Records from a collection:
■ ■ ■ ■

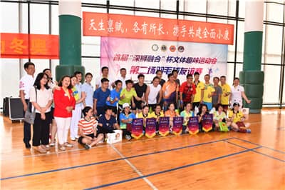 2019年9月28日,深圳狮子会扶贫助残委员会携景峰等59支服务队主办的首届“深狮融合”杯文体趣味运动会暨第二场之国际聋人节羽毛球残健共融赛在深圳市残疾人综合服务中心三楼羽毛球场举行,服务经费8000元。
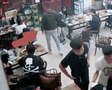 黑衣女生的两个朋友赶紧挺身相护,但遭到黑衣男子砸凳子,脚踹…
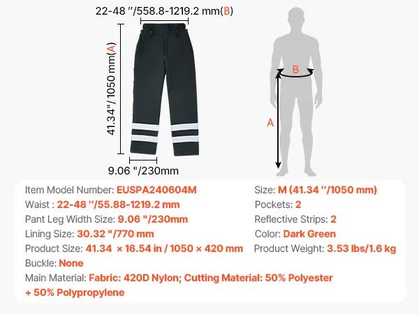 Convenient to Wear: Designed for versatility, these chainsaw chaps come in multiple sizes with an adjustable belt suitable for waist sizes from 22 to 48 inches (55.88 to 121.92 cm), and feature a full leg length of 41.34 in /105 cm (from the waist to the top of the foot, not the seam length).
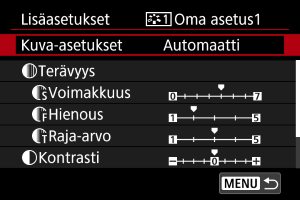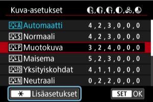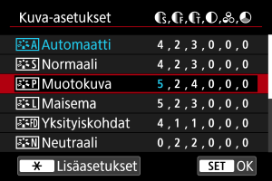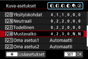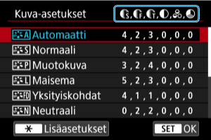 - Jos kuva-asetus on jo tallennettu kohtaan [Oma asetus*], peruskuva-asetusten muuttaminen poistaa aiemmin tallennettujen käyttäjän määrittämien kuva-asetusten parametrien asetukset.
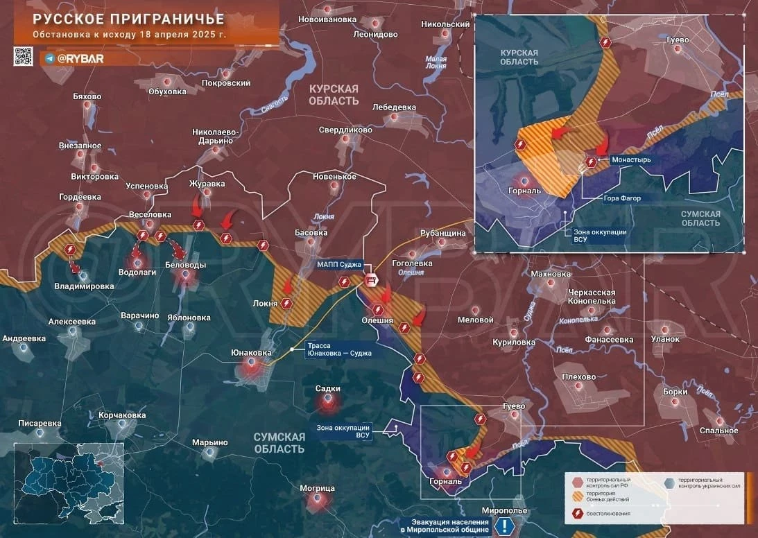 На Сумском направлении российские войска ведут бои в районе Горнали и Горнальского Николаевского Белогорского монастыря.
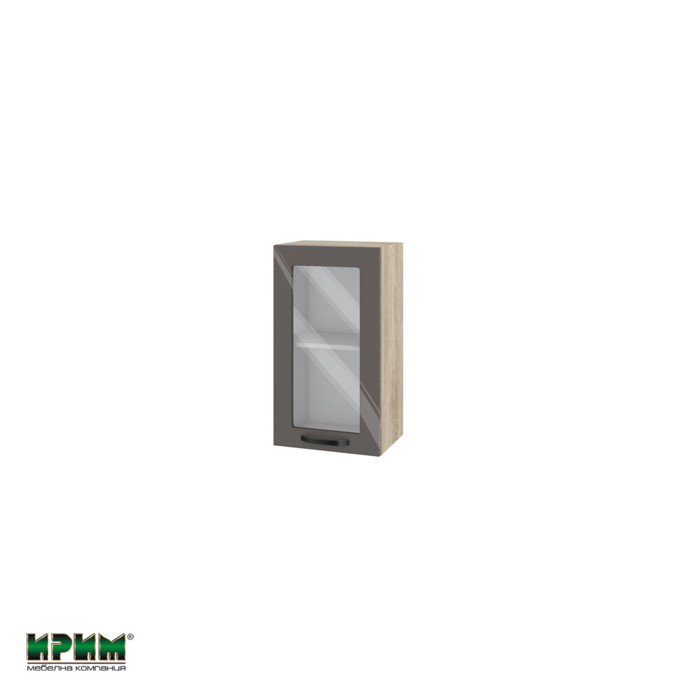 Горен модул с витринна врата и рафт АРФ-Антрацит гланц-05-202
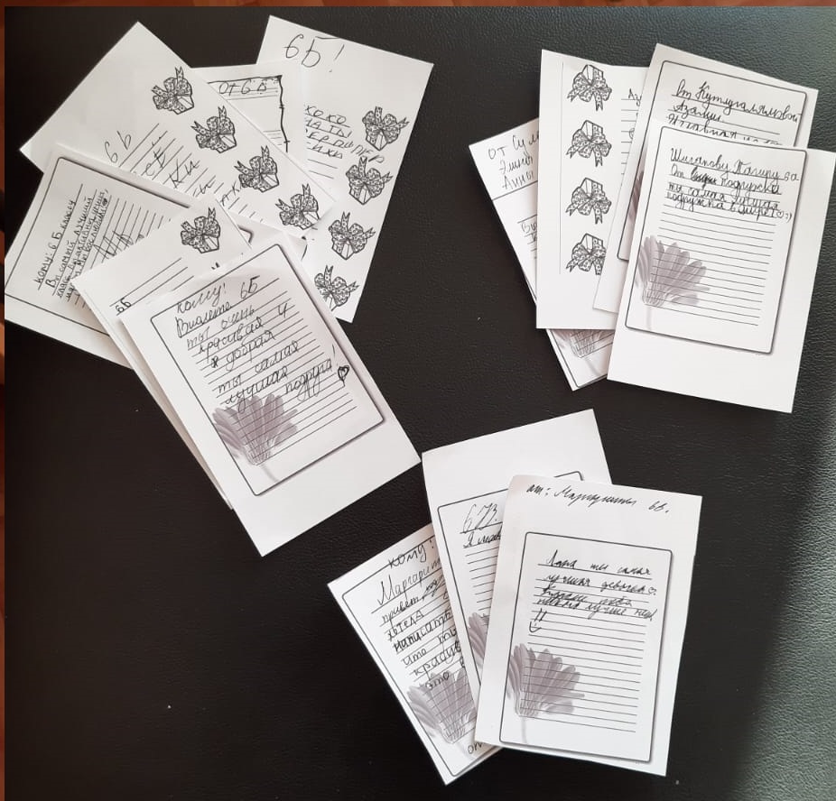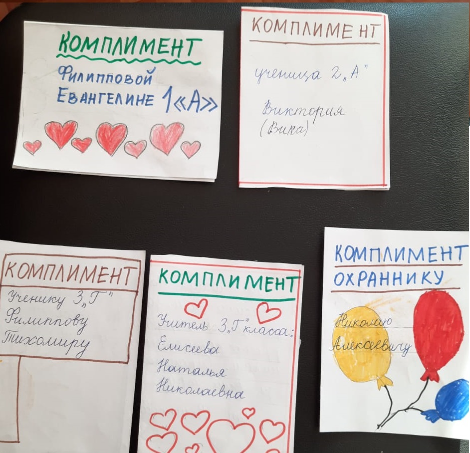 Каждый год в этот день у нас все пишут комплименты друг другу и в этом году уже в течение часа коробочка пополнилась комплиментами.
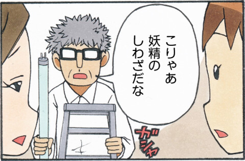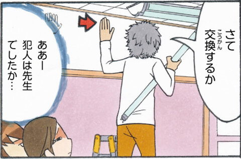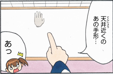 女の子たちは、思いがけず白い壁の手形の原因がわかり、ホッとしたようですね。生徒に「妖精のしわざだな」と話して、夢を持たせようとする先生も素敵ですね。
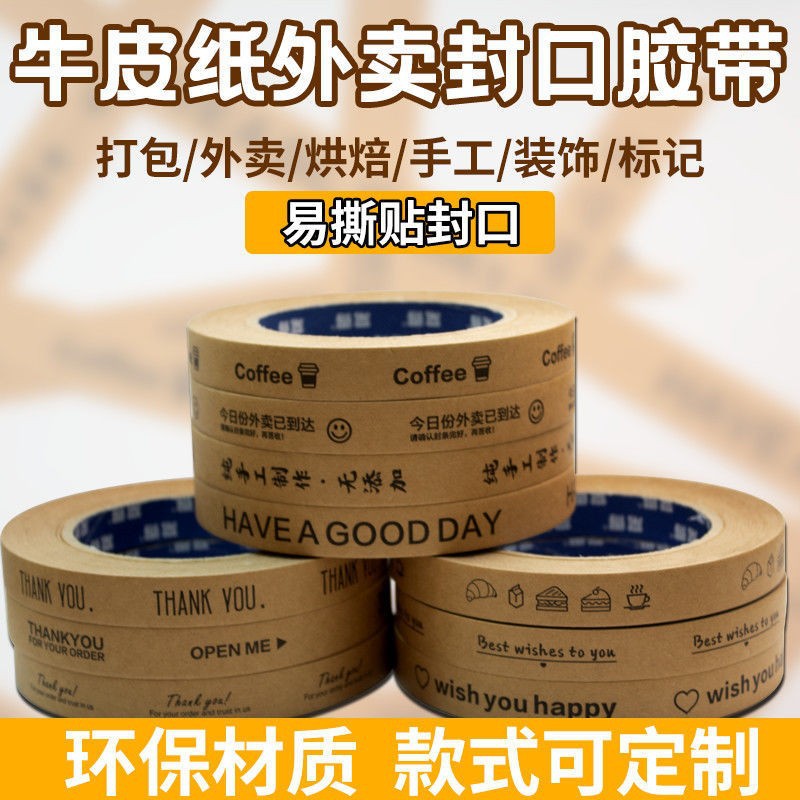 高粘不翘边 牛皮纸外卖封口胶带 奶茶咖啡外卖封口贴长条客制胶带
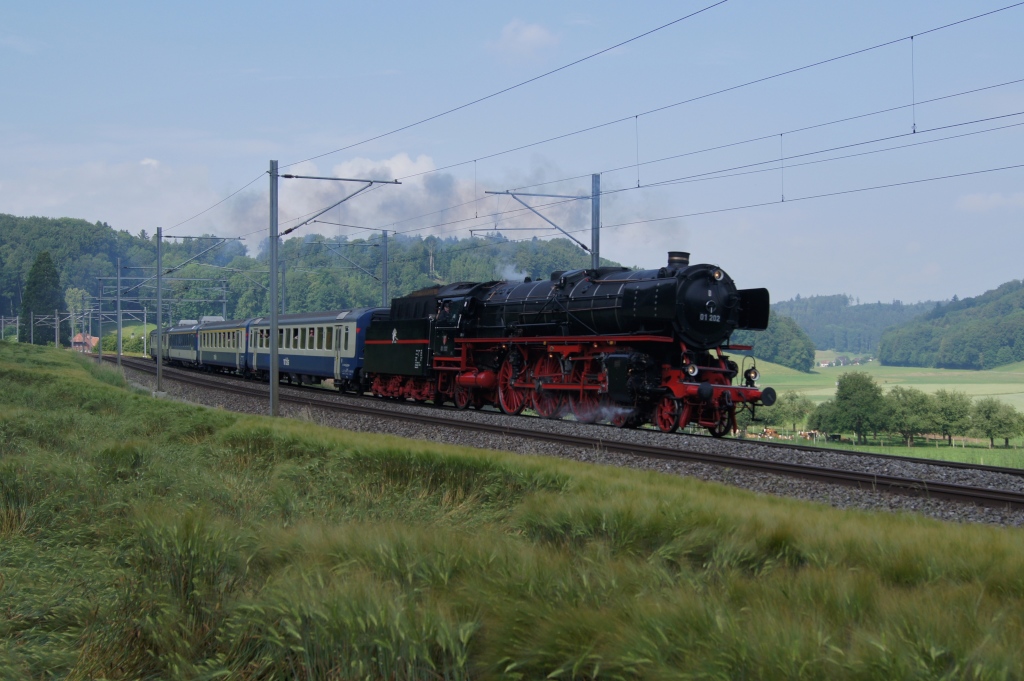 Die Sonne liess mich am 4.6.11 im dümmsten Moment im Stich: Als die Pacific 01 202 nämlich angedampft kam, verschwand sie hinter einer Wolke und tauchte einige Sekunden später wieder auf. Das Bild wurde bei Burgdorf aufgenommen.
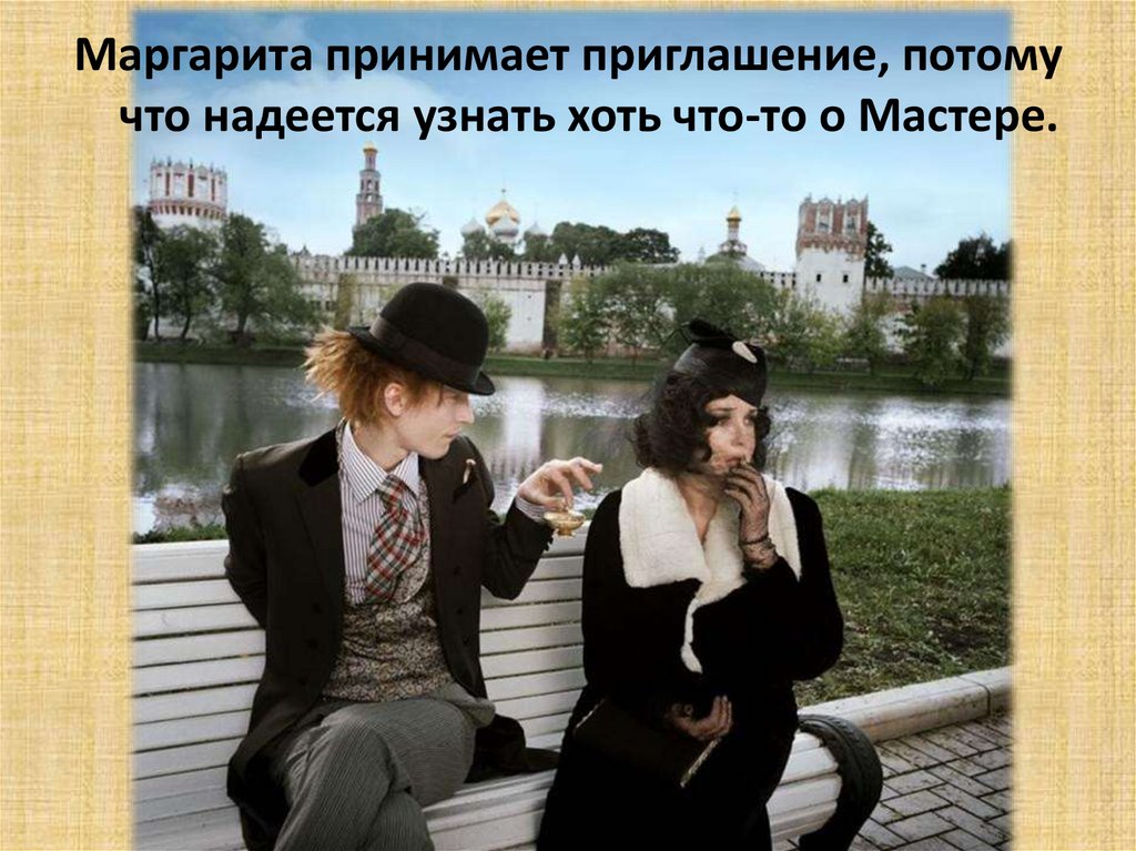 Маргарита принимает приглашение, потомучто надеется узнать хоть что-то о Мастере.

■ ■ ■ ■

## What the task asks
Can the lines from the start of the records through the line with "Convenient to Wear: Designed" be given again exactly, with the pictures left out?

## Written solution
 2019年9月28日,深圳狮子会扶贫助残委员会携景峰等59支服务队主办的首届“深狮融合”杯文体趣味运动会暨第二场之国际聋人节羽毛球残健共融赛在深圳市残疾人综合服务中心三楼羽毛球场举行,服务经费8000元。
 黑衣女生的两个朋友赶紧挺身相护,但遭到黑衣男子砸凳子,脚踹…
 Convenient to Wear: Designed for versatility, these chainsaw chaps come in multiple sizes with an adjustable belt suitable for waist sizes from 22 to 48 inches (55.88 to 121.92 cm), and feature a full leg length of 41.34 in /105 cm (from the waist to the top of the foot, not the seam length).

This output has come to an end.